Kuila, like many, objected strenuously to his removal to thousands of feet below the Earth's crust. He knew that several centuries before the Earth had been warned of the critical state of the Sun. Then had been the time for action. However, for the last million of years the Earth's people had been retrograding, and now except for a few hundred men and women of Kuila's ilk were mental and physical weaklings. They had been content to live on what their mighty ancestors had provided for them, using only what knowledge had come to them through the ages, and making no attempt to improve their condition.

Now through their lack of energy and foresight what machines they possessed were gradually wearing away. One by one those gigantic monsters, that had for thousands of years been producing all of man's needs, were breaking down because of the failure of their parts. From time to time men with some mechanical genius had repaired here and there. But, as the years went on, the knowledge of these men was lost until now the world was faced at last with the fact that they had practically no hope of succor from their present condition.


A Hope

What they were to do when the last machine halted forever, when those machines would no longer turn out their barest necessities, they were not able to conceive. In fact, they gave no thought to the future at all. These simple-minded offsprings of the mechanical geniuses of the world existed, living on the fruits of the machines that produced foods, and materials from the air, as well as the soil, and from minerals dug from the Earth's core.

And now the Sun, from which much of the energy that drove these machines was obtained, was dying. The Sun would be a Sun no longer. It would become cool and perhaps foster new life in its tepid waters, life that would after ages crawl out upon a new as yet unlighted land.

However, as always in man's history, time and time again, it was in dire need that his supremacy eventually asserted itself. And such was now the case. A few men of stronger will and greater intellect had realized the state of affairs into which they were being plunged, and under their inspiration for the past fifteen years, a new activity had seized the Earthlings. Those who still possessed an understanding of mechanics were called forth. Together they built new machines out of the scraps of the old, and with these commenced digging night and day a shaft in the Earth that was to be the salvation of Mankind.

Without a doubt the Earthlings could not abide any longer on the surface of the Earth. Year after year great fields of ice had come down from the North-lands gradually encompassing the land, driving its peoples further and further into the South.

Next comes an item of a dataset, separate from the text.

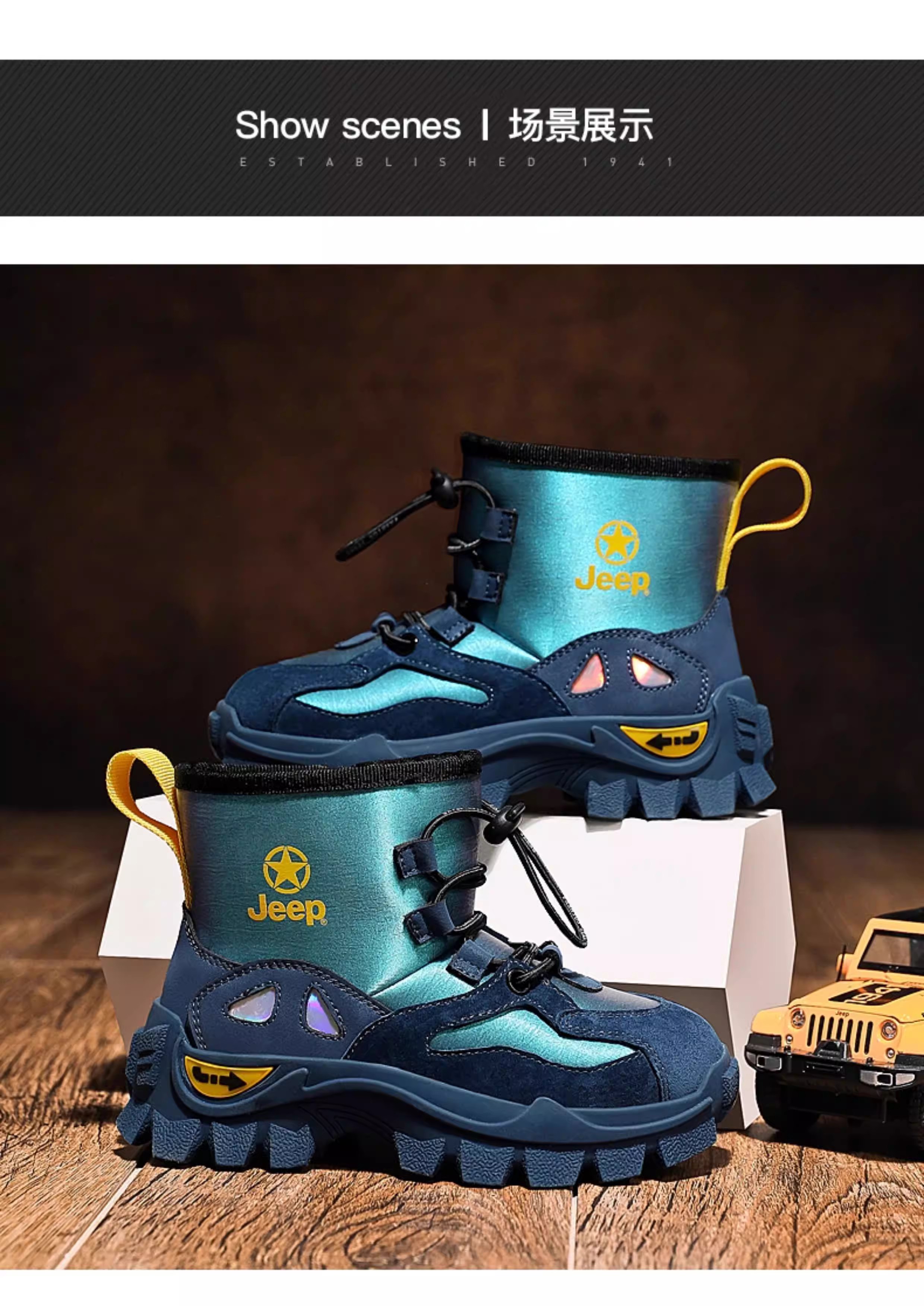 - Giày bông cỡ lớn dành cho bé gái của hãng Jeep dành cho mùa đông Đông Bắc, mẫu mới 2025 lót lông cừu, giày bông chống thấm nước cho bé trai, ủng đi tuyết cho trẻ em.

They were increasing in such numbers that their cold was taking hold on the Earth and the Sun's weak rays could not stave them off. It would only be a question of time before the narrow belt at the equator that was alone untouched would be conquered by the Great Ice Flow.

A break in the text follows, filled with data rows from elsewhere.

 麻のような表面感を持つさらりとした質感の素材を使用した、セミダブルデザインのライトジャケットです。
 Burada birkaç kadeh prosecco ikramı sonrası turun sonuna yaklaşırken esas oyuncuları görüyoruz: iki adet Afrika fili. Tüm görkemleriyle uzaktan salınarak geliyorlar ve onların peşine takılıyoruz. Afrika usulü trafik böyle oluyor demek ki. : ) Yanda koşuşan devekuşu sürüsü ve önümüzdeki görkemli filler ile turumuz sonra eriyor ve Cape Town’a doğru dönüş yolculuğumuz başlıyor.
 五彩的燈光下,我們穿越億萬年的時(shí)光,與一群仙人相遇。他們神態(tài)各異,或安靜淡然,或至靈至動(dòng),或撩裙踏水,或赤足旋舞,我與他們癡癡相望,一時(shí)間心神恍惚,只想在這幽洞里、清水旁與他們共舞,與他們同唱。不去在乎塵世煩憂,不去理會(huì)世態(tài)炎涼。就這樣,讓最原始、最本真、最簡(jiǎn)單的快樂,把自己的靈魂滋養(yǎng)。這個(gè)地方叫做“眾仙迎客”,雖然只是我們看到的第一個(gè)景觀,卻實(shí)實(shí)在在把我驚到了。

There had been some talk of building machines that would carry them away from Mother Earth to a new planet and a new sun. But the wisest men knew the futility of such a course. True! History did tell of several such attempts; some had been successful, some not. Yet that had been in a day when men who understood such machines had lived, and they had not been built in a moment or day. To build ships that could bear them millions of miles through space was too difficult a feat for people who had just awakened from a lethargy in which they had dreamed and played for many centuries. For the present, only one course was open. Then when Man was more fully awakened, he might make other plans.

Already Man had reached the depth of almost a thousand miles below the surface. New machines were hollowing out great caves in the Earth's bowels in which the present population hoped to survive. The construction of the machines of the past now being studied from the records that remained, new discoveries were made and it looked as though Mankind were taking a new lease upon life.